How do we find the gradient of the biases using the error? The error is the gradient of the bias. This is really no surprise because the weighted sum is a function of the bias:

z = w \cdot x + b

This is another application of the chain rule:

\dfrac{\partial L}{\partial b} = \dfrac{\partial z}{\partial b} * \dfrac{\partial L}{\partial z}

The derivative of the “outer function” is \delta:

\dfrac{\partial L}{\partial z} = \delta

Since b is just a constant being added to the product of the weights and inputs, any unit change in b will be a unit change in z. In other words:

\dfrac{\partial z}{\partial b} = 1

Putting it together:

\dfrac{\partial L}{\partial b} = 1 * \delta = \delta

The Fourth Fundamental Equation of Backpropagation

All that’s left is to find the gradient of the weights using the error.
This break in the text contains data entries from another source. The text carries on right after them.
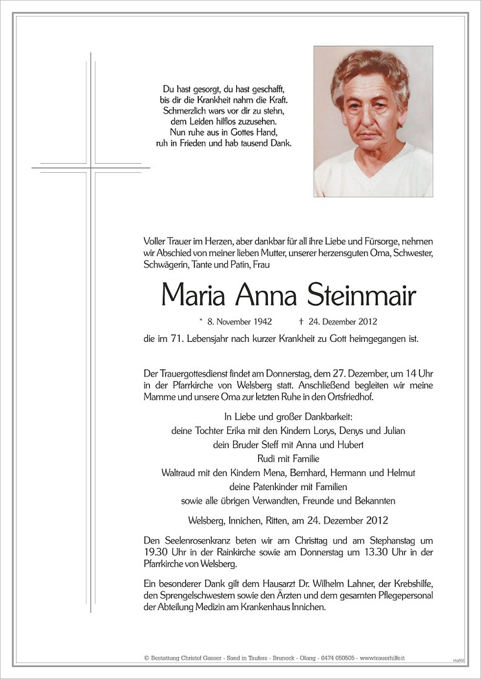 Der Trauergottesdienst findet am Donnerstag, dem 27. Dezember, um 14 Uhr in der Pfarrkirche von Welsberg statt. Anschließend begleiten wir meine Mamme und unsere Oma zur letzten Ruhe in den Ortsfriedhof.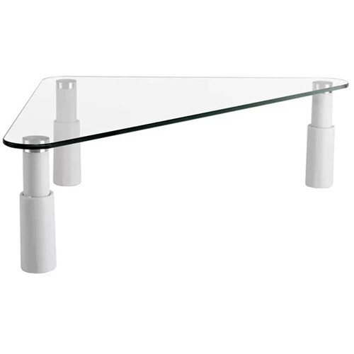 Ergovida Glass Top Monitor Stand Triangular With Three Height Adjustable White Legs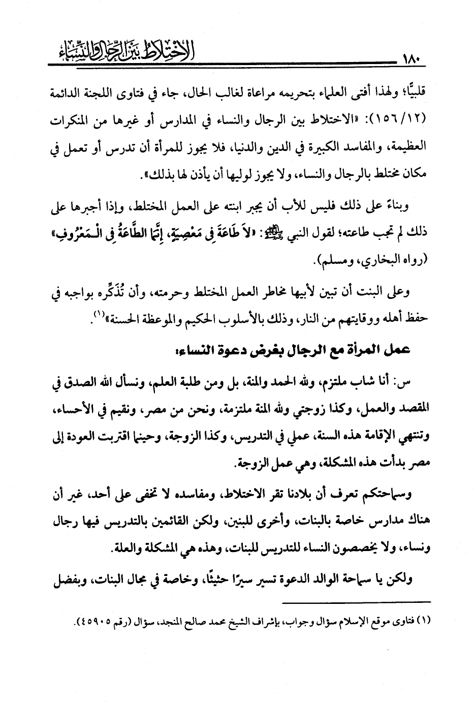 قلبيًا، ولهذا أفتى العلماء بتحريمه مراعاة لغالب الحال، جاء في فتاوى اللجنة الدائمة (12/ 156): «الاختلاط بين الرجال والنساء في المدارس أو غيرها من المنكرات العظيمة، والمفاسد الكبيرة في الدين والدنيا، فلا يجوز للمرأة أن تدرس أو تعمل في مكان مختلط بالرجال والنساء، ولا يجوز لوليها أن يأذن لها بذلك».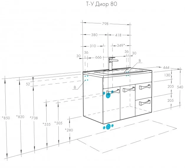 Характеристики товара Тумба-умывальник подвесная Aquaton Диор 80 белый 1A1678K3DR010

Once again we apply the chain rule:

\dfrac{\partial L}{\partial w} = \dfrac{\partial z}{\partial w} * \dfrac{\partial L}{\partial z}

\dfrac{\partial L}{\partial z} = \delta

All that’s left is to find the local derivative: \dfrac{\partial z}{\partial w}. Remember how z is computed:

z = w * x + b

\dfrac{\partial z}{\partial w} = x

Putting these two together gives us:

\dfrac{\partial L}{\partial w} = x * \delta

Conclusion

That’s how we use backpropagation to find the gradients of the weights and biases in the network.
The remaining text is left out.